Questi dipinti consistono in un complesso insieme di temi iconografici, fintanto da indurre il fedele astante a “leggere” la devozione a S. Rocco in precisi assunti teologici ed agiografici. E a mo d’esempio, prendiamo in considerazione le tangibili immagini pittoriche della seconda vela della volta: San Rocco che guarisce gli appestati in cui è prevalente il principio della potenza taumaturgica del santo francese pellegrino. E per concludere il tema della religiosità popolare partecipata nell’area vesuviana mi sia consentito citare i santi “medici” addirittura per antonomasia: Cosma e Damiano, molto invocati da quanti necessiti di guari­gione dall’enterite, dai calcoli renali, dal mal di gola, dall’incontinenza urinaria dei bambini e da tanti altri ricorrenti malesseri fisici.E poi, dove c’è bisogno di assicurarsi contro ogni altro possibile malessere e disgrazia, conseguen­temente si determina l’insorgere di vari momenti della devozione popolare, rispetto ad altri peculiari santi taumaturgici, quali San Vito, San Sebastiano e Sant’Antonio Abate.Infatti, queste osservazioni confermano la vivida creatività popolare del territorio vesuviano in materia di manifestare il sacro, altrimenti, a dimensioni della tradizione pagana”.
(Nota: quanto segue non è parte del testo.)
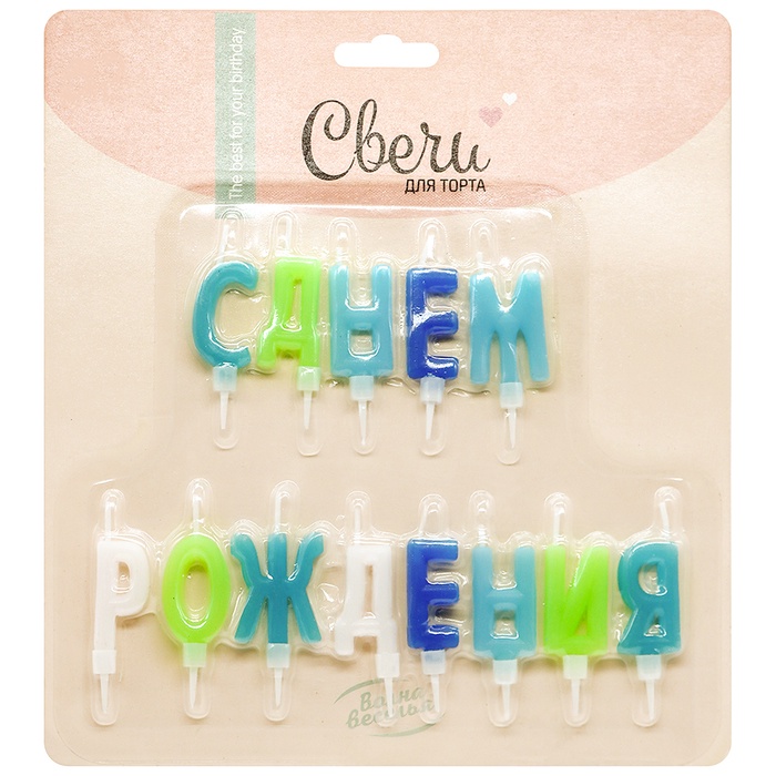 Свеча в торт «Буквы С Днем Рождения», для мальчика, 2×4 см

.È in questo modo occorre precisare che il tutto non va lodato, “sic et simpliciter” come serbatoio della purezza e della ingenuità contadina, ma occorre, come abbiamo sostenuto nel presente saggio, tener conto dei cosiddetti “relitti culturali”( 20). Ovverosia, nelle radici archeologiche della nostra identità storico-religiosa cosi come prima è stata evidenziata si trovano inseriti tanti altri segni, insospettati, di cultura del sacro. A mo d’esempio, citeremo la raffigurazione di momenti di soccorso divino, con riferimento al passo biblico che potrebbe sembrare, addirittura, il “manifesto ideolo­gico” dell’immaginario religioso vesuviano: Dio che salva: con manforte, braccio teso, grande timore, segni prodigi. .A ben ragione l’apparente ridondanza della frase è spiegata nella eroicità espressa del dio Summano che ”con mano forte” protegge dalle saette notturne e similmente da San Gennaro che regge con mano forte il pastorale da vescovo rimanendo illeso dal martirio di una fornace ardente. Cosi il significato divino del braccio teso presenta rimando alla spada dell’Arcangelo Michele ed alla lancia di San Giorgio. Infine il signi­ficato profondo delle parole successive: grande timore, segni e prodigi, preannunciano i miracoli compiuti dai santi protettori prima citati. E in un modo molto più simbolico da San Rocco nell’atto di assistere gli appe­ stati. Fin tanto che finisce, decisamente, a tradursi nel consolidato archetipo della religiosità popolare: l’eroe vincitore di ogni male che angustia l’uomo.